*** Begin section ***
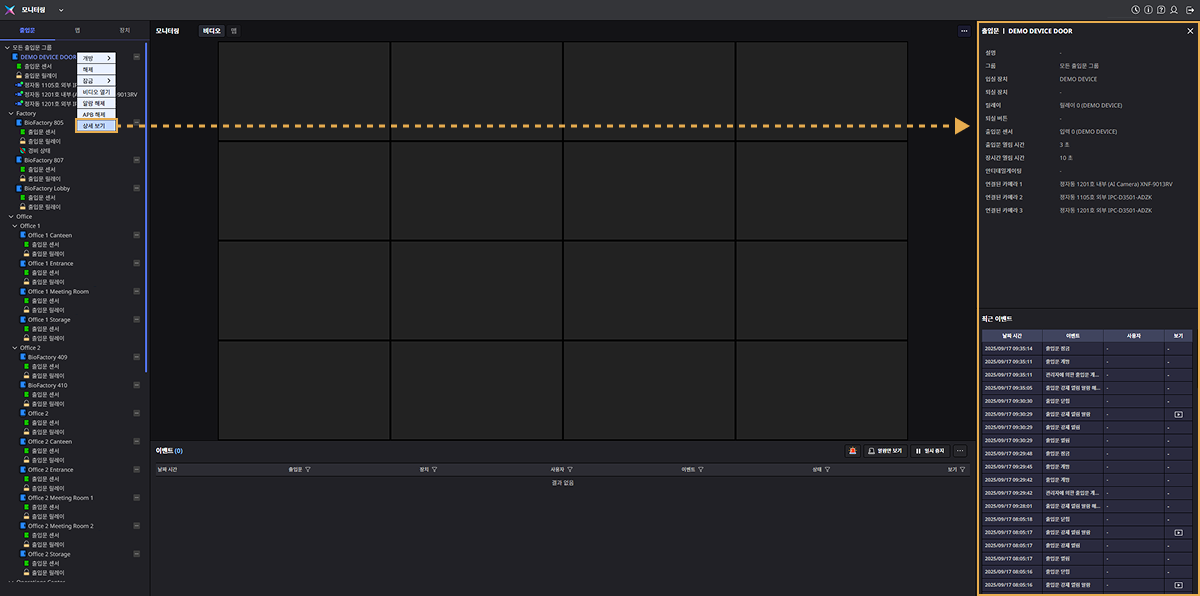 출입문에 대한 상세 정보와 이벤트 발생 이력을 확인할 수 있습니다. 팝업 메뉴에서 상세 보기를 클릭하세요. 화면 오른쪽에 출입문 상세 정보와 이벤트 발생 이력이 표시됩니다.
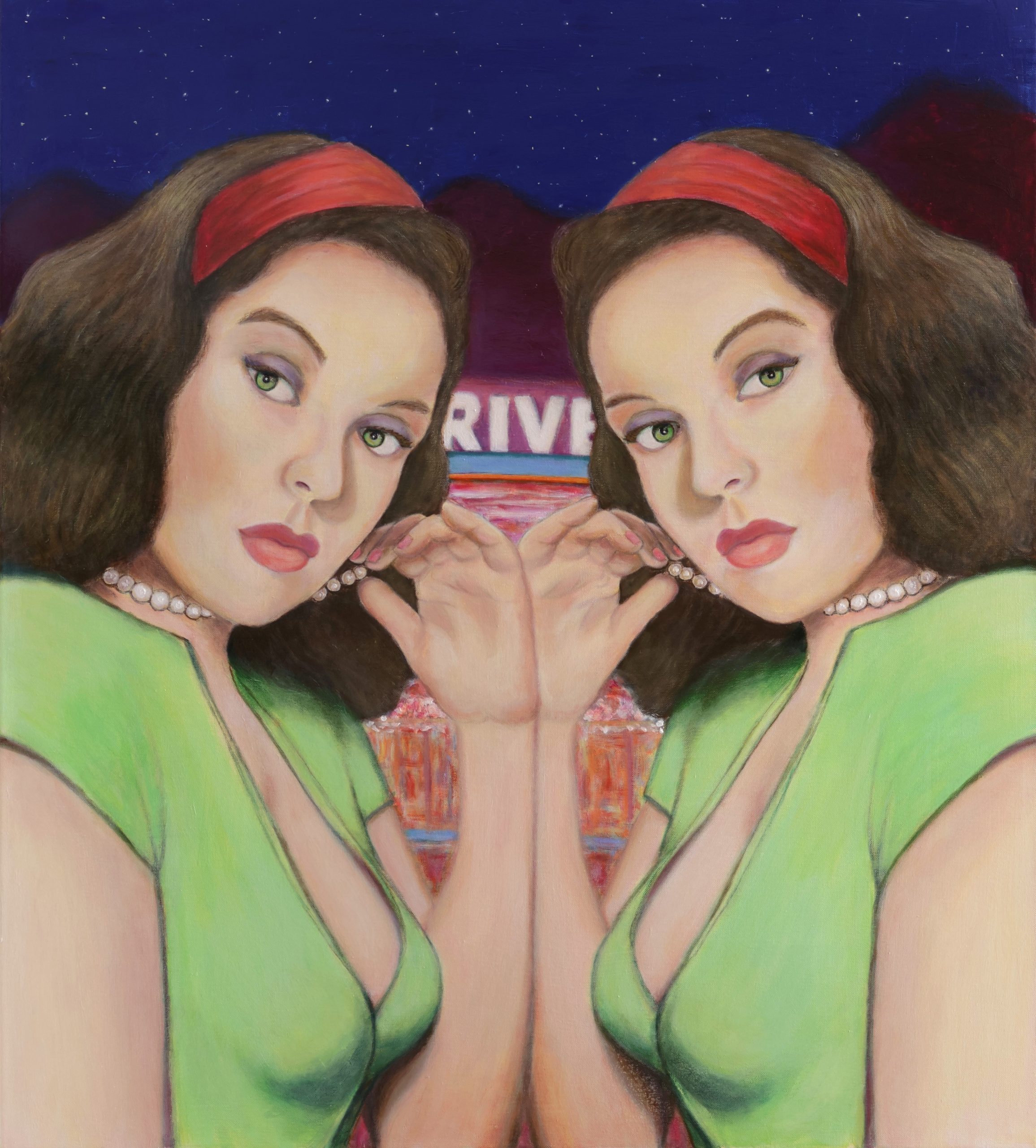 Midnight Drive is an original painting of a doppelganger image, reminiscent of retro-pop art. The beautiful twins’ presence is both enticing and mysterious.
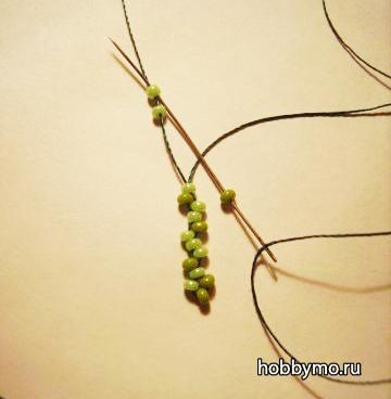 Материалы: - 21 длинная бисерина (10 мм) 4-го размера (стеклярус)
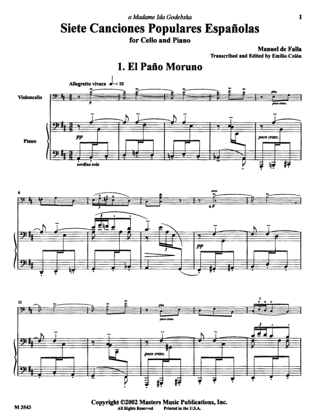 Manuel de Falla(1876-1946)는 원래 소프라노와 피아노를 위해 1914년에 Seven Spanish Folksings를 썼습니다. 첼로와 피아노를 위한 이 필사본은 Emilio Colón이 완성했습니다. 무브먼트: 1. 무어식 천, 2. Seguidilla Murciana, 3. Asturiana, 4. Jota, 5. Nana, 6. Canción, 7. Polo.
*** End section ***
• Exercise details
Return all of the material precisely as written. No picture belongs in it.

• Response area
 출입문에 대한 상세 정보와 이벤트 발생 이력을 확인할 수 있습니다. 팝업 메뉴에서 상세 보기를 클릭하세요. 화면 오른쪽에 출입문 상세 정보와 이벤트 발생 이력이 표시됩니다.
 Midnight Drive is an original painting of a doppelganger image, reminiscent of retro-pop art. The beautiful twins’ presence is both enticing and mysterious.
 Материалы: - 21 длинная бисерина (10 мм) 4-го размера (стеклярус)
 Manuel de Falla(1876-1946)는 원래 소프라노와 피아노를 위해 1914년에 Seven Spanish Folksings를 썼습니다. 첼로와 피아노를 위한 이 필사본은 Emilio Colón이 완성했습니다. 무브먼트: 1. 무어식 천, 2. Seguidilla Murciana, 3. Asturiana, 4. Jota, 5. Nana, 6. Canción, 7. Polo.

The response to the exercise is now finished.